Saturday, March 7, 2009

My first cover from Austria!

Great thanks to Dr. Florian for sending me this beautiful FDC from Austria. It is my first cover from this lovely country!
This cover features Raimondo Montecúccoli (February 21, 1608 - October 16, 1680). He was an Italian general who served as general for the Austrians, and was also prince of the Holy Roman Empire and Neapolitan duke of Melfi.

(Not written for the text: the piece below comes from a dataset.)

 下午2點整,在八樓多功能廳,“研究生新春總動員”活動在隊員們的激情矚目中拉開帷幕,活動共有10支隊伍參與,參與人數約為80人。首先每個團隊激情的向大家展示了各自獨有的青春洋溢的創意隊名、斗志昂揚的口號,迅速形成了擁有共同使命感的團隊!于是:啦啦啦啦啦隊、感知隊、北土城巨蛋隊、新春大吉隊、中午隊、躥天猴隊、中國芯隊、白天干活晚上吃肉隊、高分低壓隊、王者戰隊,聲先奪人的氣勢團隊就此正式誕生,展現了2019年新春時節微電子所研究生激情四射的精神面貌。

Montecuccoli entered the Austrian Army in 1625, during the early part of the Thirty Years' War (1618–48), and distinguished himself against King Gustavus II Adolphus of Sweden at Breitenfeld (1631) and Lützen (1632). In action again at Nördlingen (1634) and Wittstock (1636), he was a Swedish prisoner from 1639 to 1642, using that time to complete his education and to study the art of war. His strategic and tactical writings were begun then. Returning to the field in 1642, he campaigned for his native Modena in the War of Castro (1642–44), between the papacy and its opponents, and against the Hungarian rebel György Rákóczy I in 1645. Back in Germany, his skillful retreat in Bavaria in the face of a combined French–Swedish onslaught led to his promotion to general.

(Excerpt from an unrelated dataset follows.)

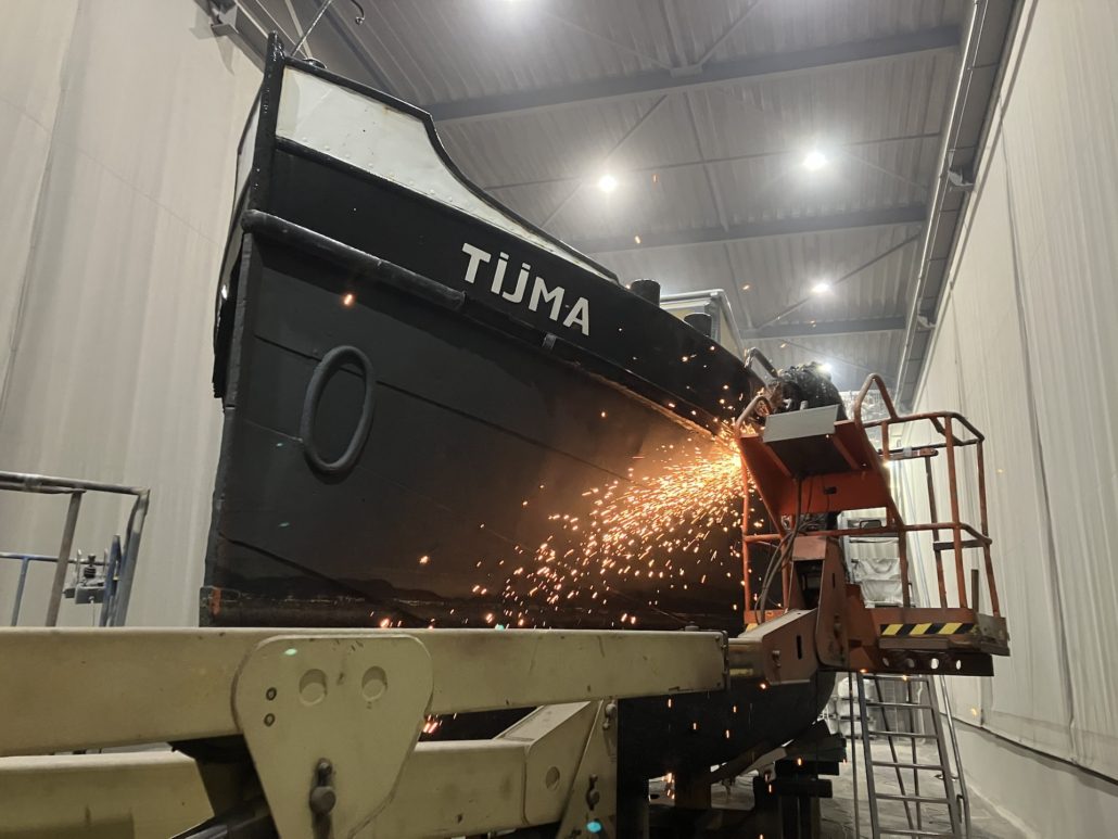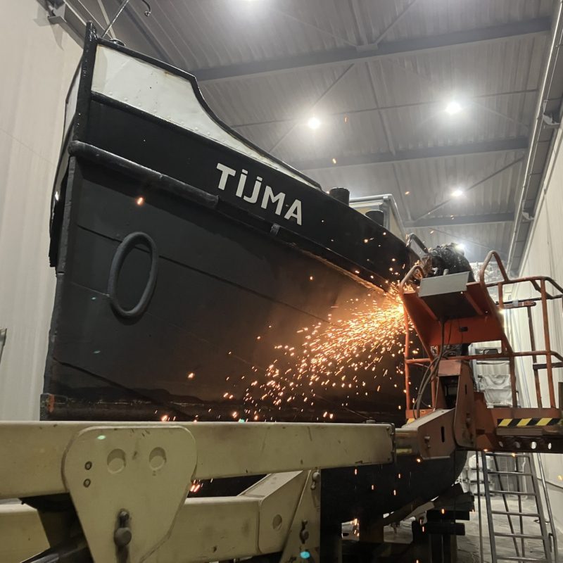 Na een grondige inspectie van het ijzerwerk, is de Tijma volledig gestraald om oude verflagen en roest te verwijderen. Vervolgens zijn noodzakelijke reparaties uitgevoerd aan het potdek, waarbij kitresten zorgvuldig zijn verwijderd. Op plekken waar het staal verzwakt was, is het vlak verdubbeld en waar nodig zijn klinknagels opnieuw opgelast. Dit zorgt ervoor dat het schip weer optimaal bestand is tegen de elementen en zware omstandigheden op het water.

The Peace of Westphalia (1648) enabled Montecuccoli to return to writing and to carry out a number of diplomatic missions for the Holy Roman emperor Ferdinand III. Promoted field marshal, he drove the Swedes from Germany, Denmark, and Pomerania (1658–60) and foiled the Turkish offensives against Austria between 1661 and 1664, winning a decisive victory at St. Gotthard on the Raab (Aug. 1, 1664), for which he was hailed as the saviour of Christendom. He then received rapid promotions. Named generalissimo of all imperial armies in 1664, he became president of the Hofkriegsrat (supreme imperial war council) in 1668. As head of that body, he sponsored a number of reforms, among them the introduction of a lighter musket, the reduction of the number of infantry pikemen balanced by a corresponding increase in soldiers armed with firearms, and the elevation of grenadiers into an elite force.

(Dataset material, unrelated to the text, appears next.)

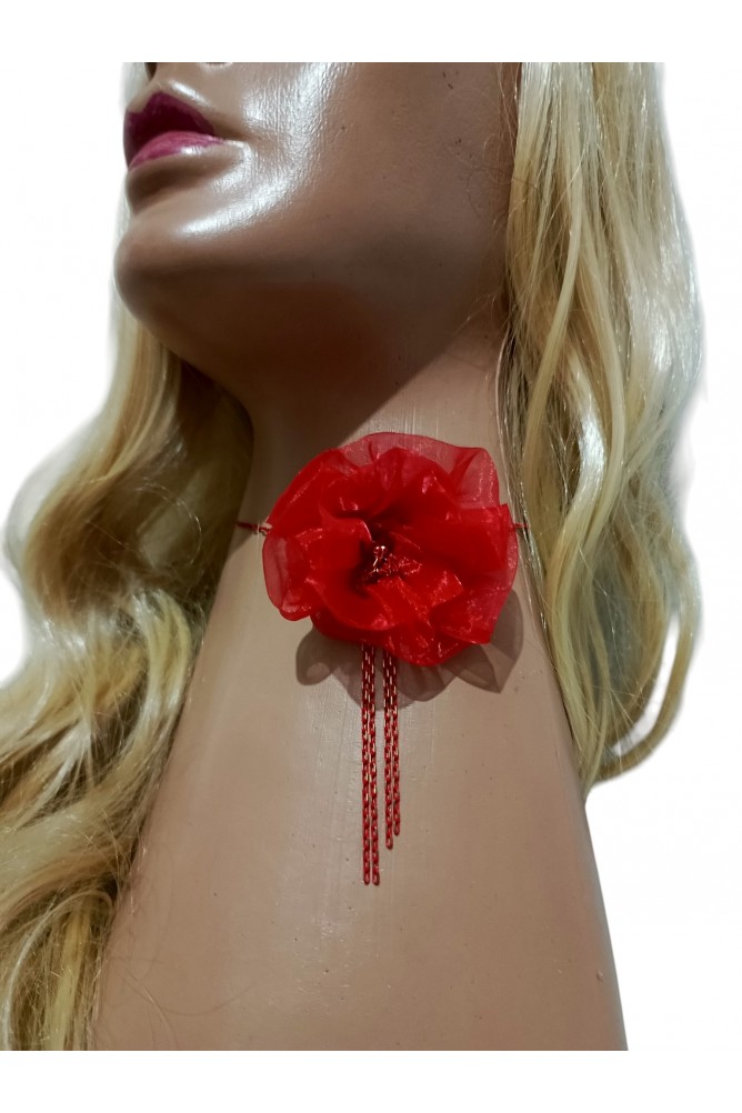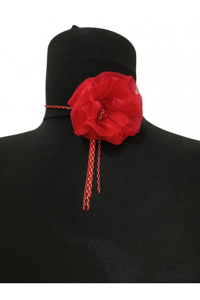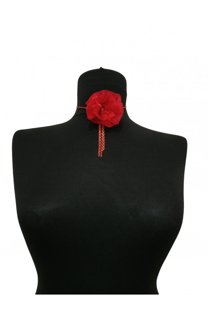 Organze tül ile elde yapılmış kırmızı çiçek detaylı boyunluk tasarımıdır.

Already an old man, Montecuccoli was recalled to lead the imperial armies against France in 1672, defeating Marshal Henri de Turenne repeatedly during the next three years. Age and ill health finally forced his retirement in 1675. (

BTW, we share the same birthday! (although 368 years apart :)) Cool!

The other stamp depicting Scotch Laburnum, is part of the flower definitives series (shown below) issued on 25th August 2007. This cover took 7 days to travel an estimated distance of 9,775km to reach Singapore.